Moreover, we find in the clause of the will under consideration this sentence, “I have unbounded confidence in my beloved wife and I believe that she will manage my property carefully and justly for her own support and for the final benefit of our children.” If the contention of defendant’s counsel be the correct one, that language was not only meaningless but also purposeless, except perhaps to pronounce a eulogy upon his surviving wife. It is sufficient to constitute what is known in law as a precatory trust, and may not, therefore, be considered as only eulogistic. The duty is therein impliedly enjoined upon his wife to manage his property “carefully and justly” in order that some ultimate purpose of his might be accomplished, which ultimate purpose was “the final benefit of our children.” Evidently, the finality period therein referred to was the one when the intended objects of his bounty would come into possession and enjoyment of their respective portions of his estate and before which time they would have neither possession nor enjoyment (except as voluntarily 'allowed by the widow), but on the contrary the property should be possessed by the caretaker, with the injunction imposed upon her to preserve and justly take care of it so that “our children,” or the children of any who might die in the meantime, should enjoy it after her death. Surely, it can not be said, in the light of the language referred to, that the testator intended that his wife should ‘ ‘ carefully and justly” manage the property during her lifetime so as to preserve it, not for the “final benefit of our children,” but for the benefit of any stranger who might fraudulently or otherwise succeed to their rights, or any creditor of a child who might become the victim of youthful improvidence. To forestall any such consequences, and *575■with the intention that no one but ‘ ‘ our children, ’ ’ or the children of any who might die, the testator evidently intended, and it is our interpretation of his will, that his living children at the time of his death should be vested with a defeasible fee in remainder in his real estate subject to be defeated by their dying before the death of their mother, in which case the remaining members of .the class would take it, unless the one so dying left issue, in which event such issue would become members of the class who would take their ancestor’s share per stirpes.
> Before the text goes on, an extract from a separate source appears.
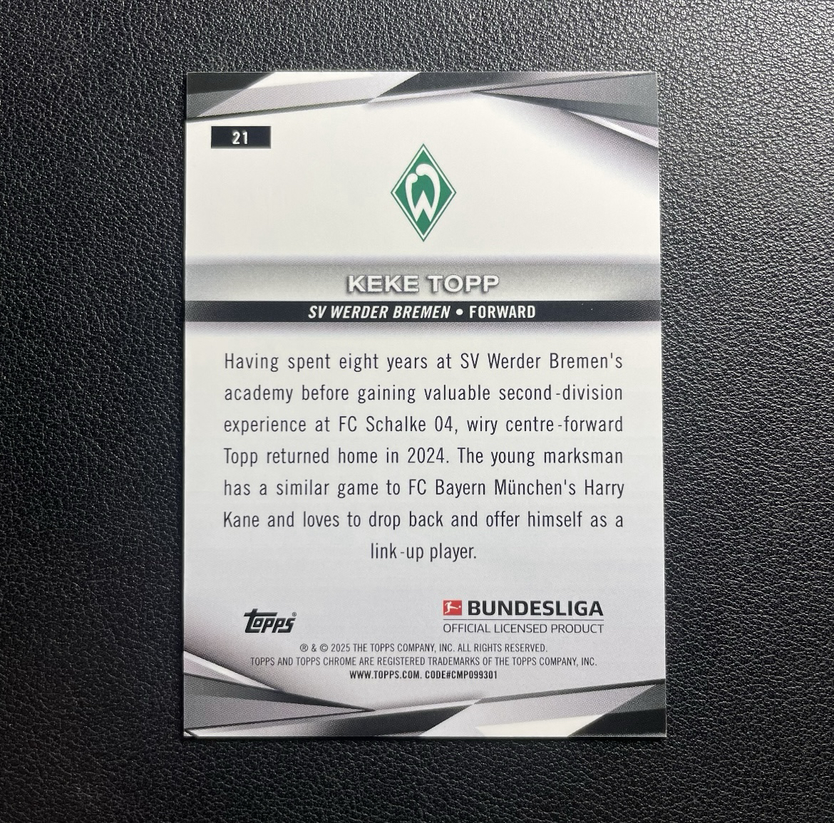 2025 Topps Bundesliga Chrome Keke topp RC 德甲 TC 云达不莱梅 科克 托普 新秀 60/75编 金折 折射 低编 中锋 未来可期 卡品如图 投资收藏必备

The interpretation above outlined is not in conflict with sections 2348 and 2349 of the Kentucky Statutes. The first one provides that when a joint tenant dies, his interest shall descend to his heirs or pass by devise, or go to his personal representative. In other words, the section intended to dispense with the common law doctrine or survivorship among joint tenants. The latter section provides that the first one shall not apply where the estate is conveyed or devised to persons in their own right “when it manifestly appears) from the tenor of the instrument, 'that it was intended that the part of the one dying should belong to the others.” As we have construed the testator’s will, it manifestly appears from its tenor that he intended that the part of any one of his children who might die before the expiration of the particular estate should go to the others, conditioned only upon the fact that he left surviving issue, in which case it would not go to the others but to such issue. Cases from this court announcing an analogous principle and supporting in a more or less degree the above interpretation are: Harvey v. Bell, 118 Ky. 512; Robb v. Belt, 12 B. Mon. 643; Fulton v. Teeger, 183 Ky. 381; Feltman v. Butts, 8 Bush 115, Schneider v. Holzhauer, 134 Ky. 33, and the Roy case, supra.

Having arrived at the conclusion that it was the intention of the testator to create a vested defeasible interest in each of his children, subject to be defeated by their death without issue before the death of their mother, which time he intended to and did fix as the period of distribution, it results that Larry Gatto, Jr., possessed no transmissal interest at the time of or before his death and that his will, under which defendant claims, did not invest her with any interest in the real estate of his father (the testator herein), and that the court erred in adopting’ a contrary conclusion.

*576Wherefore, the judgment is reversed with directions to set it aside and to overrule the demurrer to the petition, and for proceedings consistent with this opinion.